** ACTIVITY **
Begin with the first line below and retype each line exactly through the line containing "2008 y 2023 |". Any pictures are to be left out.

** PROVIDED DATA **
══════════

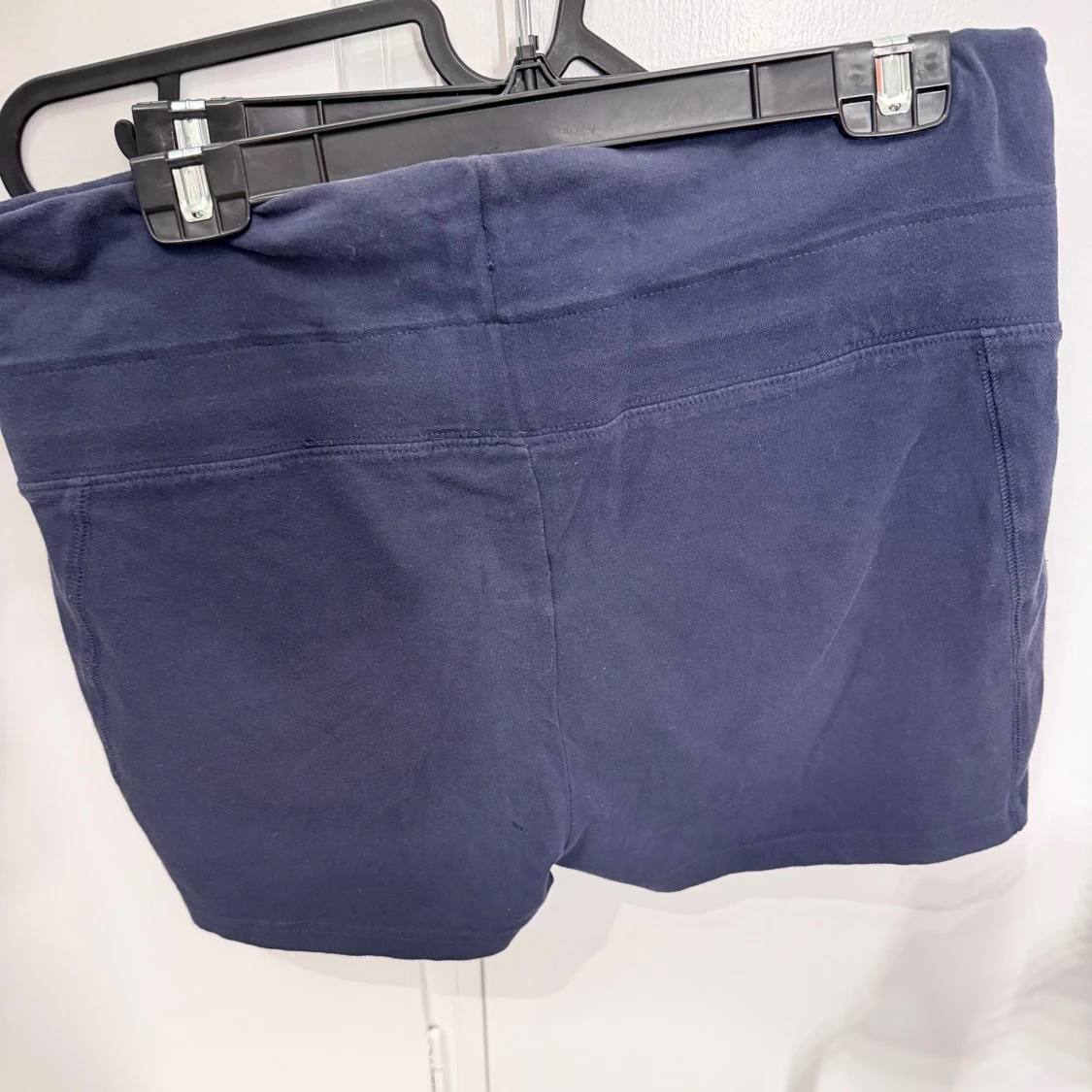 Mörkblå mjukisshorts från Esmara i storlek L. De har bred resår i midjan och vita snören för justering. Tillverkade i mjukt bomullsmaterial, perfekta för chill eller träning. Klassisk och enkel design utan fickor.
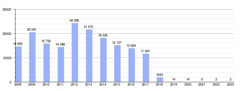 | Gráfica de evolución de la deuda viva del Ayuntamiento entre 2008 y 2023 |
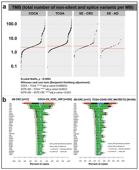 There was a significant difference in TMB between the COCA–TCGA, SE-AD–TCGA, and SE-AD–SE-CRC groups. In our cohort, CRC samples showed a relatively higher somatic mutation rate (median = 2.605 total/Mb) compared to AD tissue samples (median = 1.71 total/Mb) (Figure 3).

══════════

** REPLY TO THE TASK **
 Mörkblå mjukisshorts från Esmara i storlek L. De har bred resår i midjan och vita snören för justering. Tillverkade i mjukt bomullsmaterial, perfekta för chill eller träning. Klassisk och enkel design utan fickor.
 | Gráfica de evolución de la deuda viva del Ayuntamiento entre 2008 y 2023 |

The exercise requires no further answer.